I expect that there is a default value for resources.requests.cpu

Runtime

OpenShift

Screenshots

No response

Installation method

OperatorHub

Environment

macOS

Eclipse Che Logs

No response

Additional context

No response

ibuziuk commented 1 week ago

@cgruver I might be missing smth. but why don't you specify requests on devfile level if you want them to be applied?

Screenshot 2024-11-13 at 13 36 23

The current behaviour is expected even though it is a nuanced approach with the limit = request strategy

cgruver commented 1 week ago

Yeah, I understand the approach. And I am also a HUGE advocate for developer autonomy. But in this particular case, I have a different opinion derived from hard experience.

In an enterprise with a couple thousand developers writing devfiles, it is very common for them to not grasp the consequences of their configuration.

I have seen too many underutilized but over-scaled OpenShift clusters because developers are setting their resources.cpu.request to an unreasonably high value.

If a platform engineer can set a reasonable value for workspace requests and limits as a default, then more experienced developers can set limit values higher as needed, without causing the Kubernetes scheduler to consider a node full, when it is not.

IMO, it's a different paradigm from production workloads which may need a certain guarantee. Developer workloads are much more dynamic, and spend a lot more time idle.

ibuziuk commented 1 week ago

Well, Regarding CPU limits in general, I advocate not to set them at all - if you set them your workloads are throttled by definition.

Limits for CPU for soft-tenancy pods are probably not going to be helpful unless you’re approaching very dense setups (> 10 pods per core) - otherwise, you will waste more CPU throttling than you save. CPU Limits definitely increase tail latencies for most non-predictable workloads (almost all request-driven use cases) in a way that will result in a worse overall application environment for most users most of the time (because of how limits are sliced). At lower pods per core, you are almost certainly trading a false security for a worse quality of service.

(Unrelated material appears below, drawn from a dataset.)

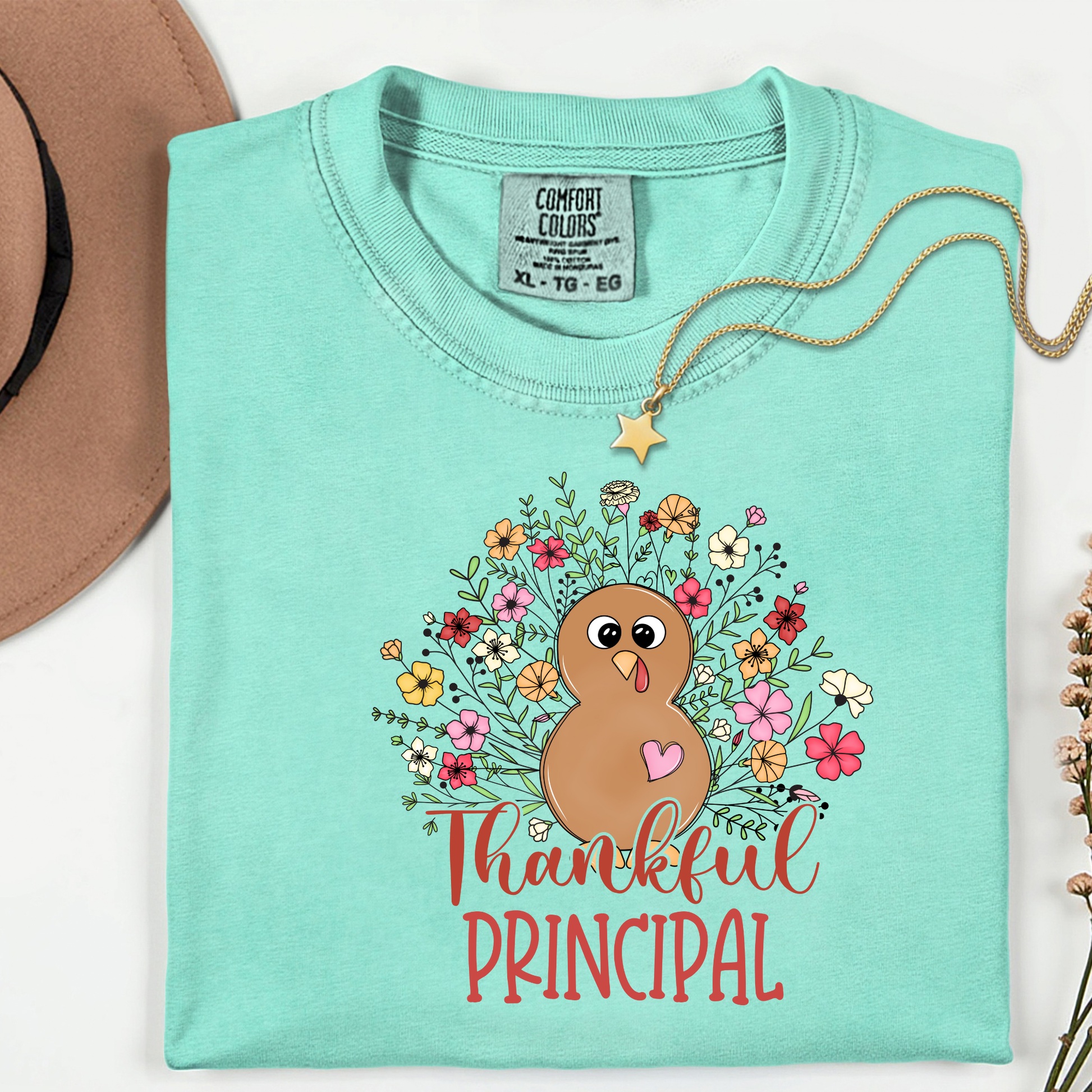 Thankful Principal Shirt • Comfort Colors 1717 • Thanksgiving Teacher Shirt • Floral Turkey Fall Shirt • Principal Appreciation Outfit

CPU Limits are most useful when dealing with bad actors on your own platform, and even then, there are far more effective ways of dealing with bad actors like detection and account blocking. I would tell not to put limits on that and instead put more effort into load monitoring, capacity planning, and reactive scheduling. Unless limits are so high as to bypass all protection for normal use, you’re doing the service users harm.

it is very common for them to not grasp the consequences of their configuration.

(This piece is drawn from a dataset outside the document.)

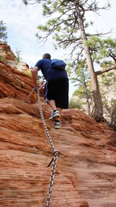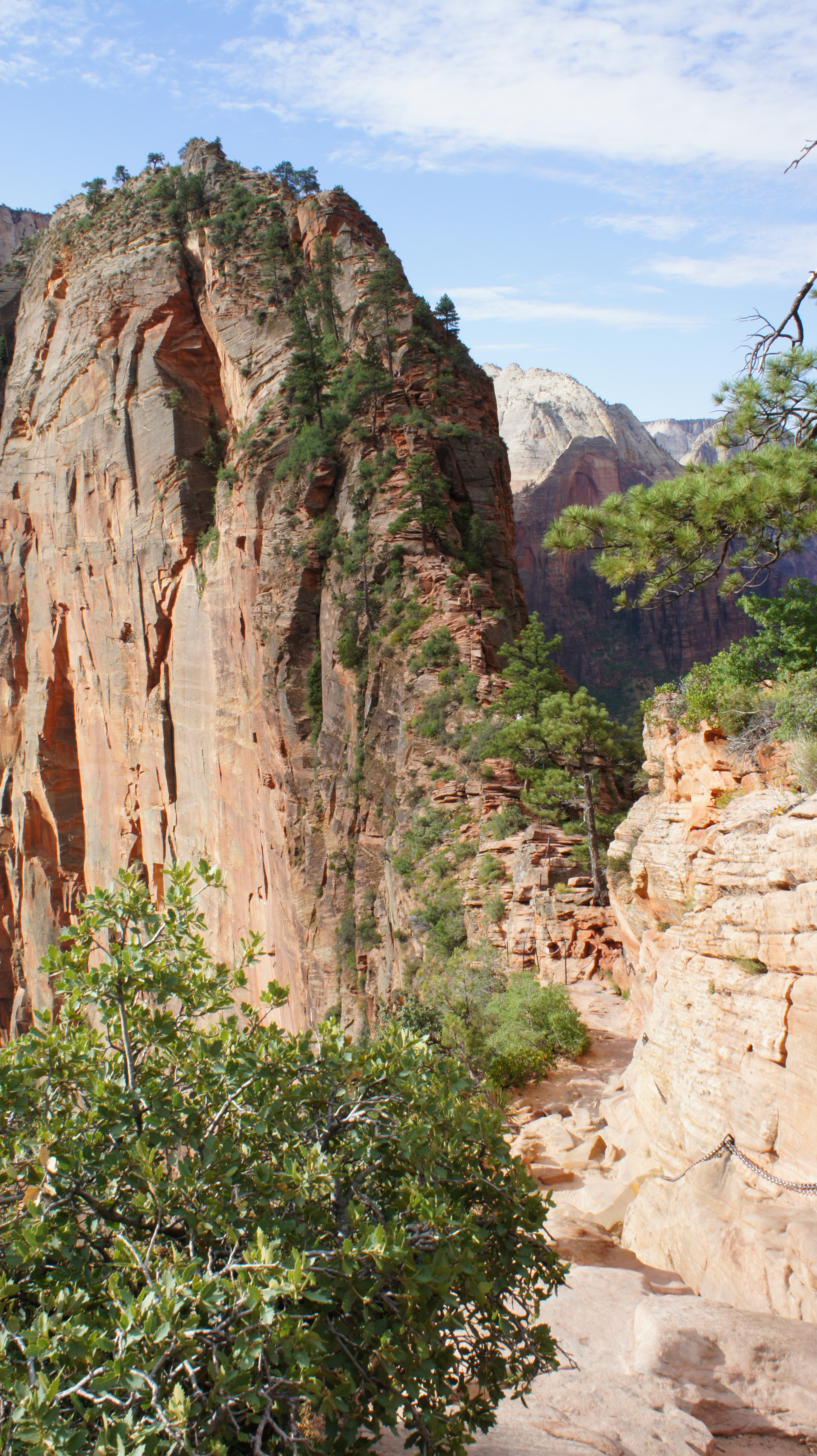 Ik ga alleen verder. Na de eerste klim langs de kettingen ga ik weer een stuk naar beneden. Dit is balen omdat ik weet dat ik deze meters zo dadelijk weer omhoog moet, de top is echt een heel stuk boven mij. Vervolgens kom ik uit bij een smalle bergkam die uit hobbelige platte over elkaar gestapelde stenen bestaat, met links en rechts van me diepe afgronden. Het laatste stuk ging ik opnieuw met behulp van kettingen nog een flink stuk omhoog; Tijdens de laatste 800 meter van deze wandeling heb ik 150 meter boven het niveau van Scout’s Overlook geklommen.

Limits / Requests for CPU is a very subtle contended topic - no matter what config engineers put in place with or without CPU limits they do need to understand exactly what they are doing.

cgruver commented 1 week ago

I totally agree with you with respect to CPU limits... except for developer CDE workloads. The one reason that I would advocate for limits, is the noisy neighbor affect.

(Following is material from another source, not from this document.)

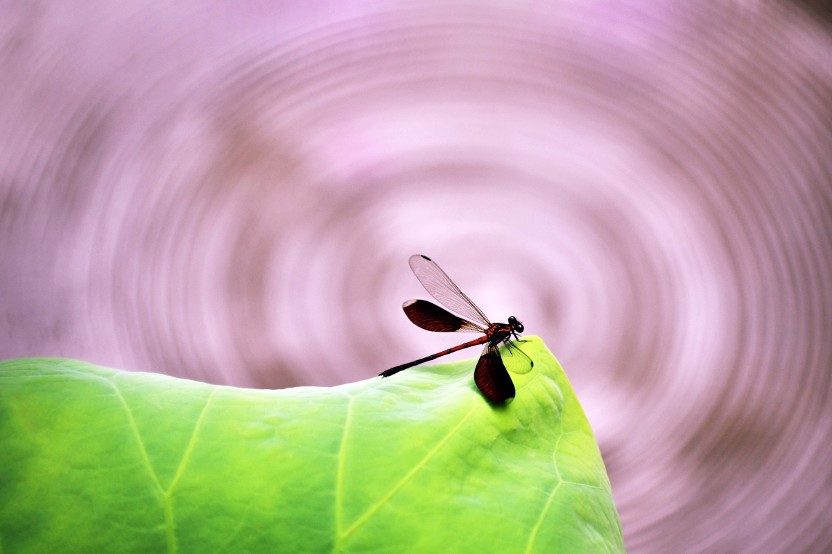 一隻善變蜻蜓停在荷葉中間,像舞者站在舞台的中央,有一種孤獨感,眾聲喧囂,天地靜寂,傾聽靈魂的歌唱。(完) 【編輯:程敏璇】

My opinion in this matter changed because of experience with multi-threaded developer workloads that inadvertently saturated the CPU of a node, impacting the other workspaces on the node. Unlike tested application deployments, developer CDE workloads are very unpredictable.

It's definitely a nuanced topic.

I've seen it happen enough to believe that there's a reasonable approach to be considered.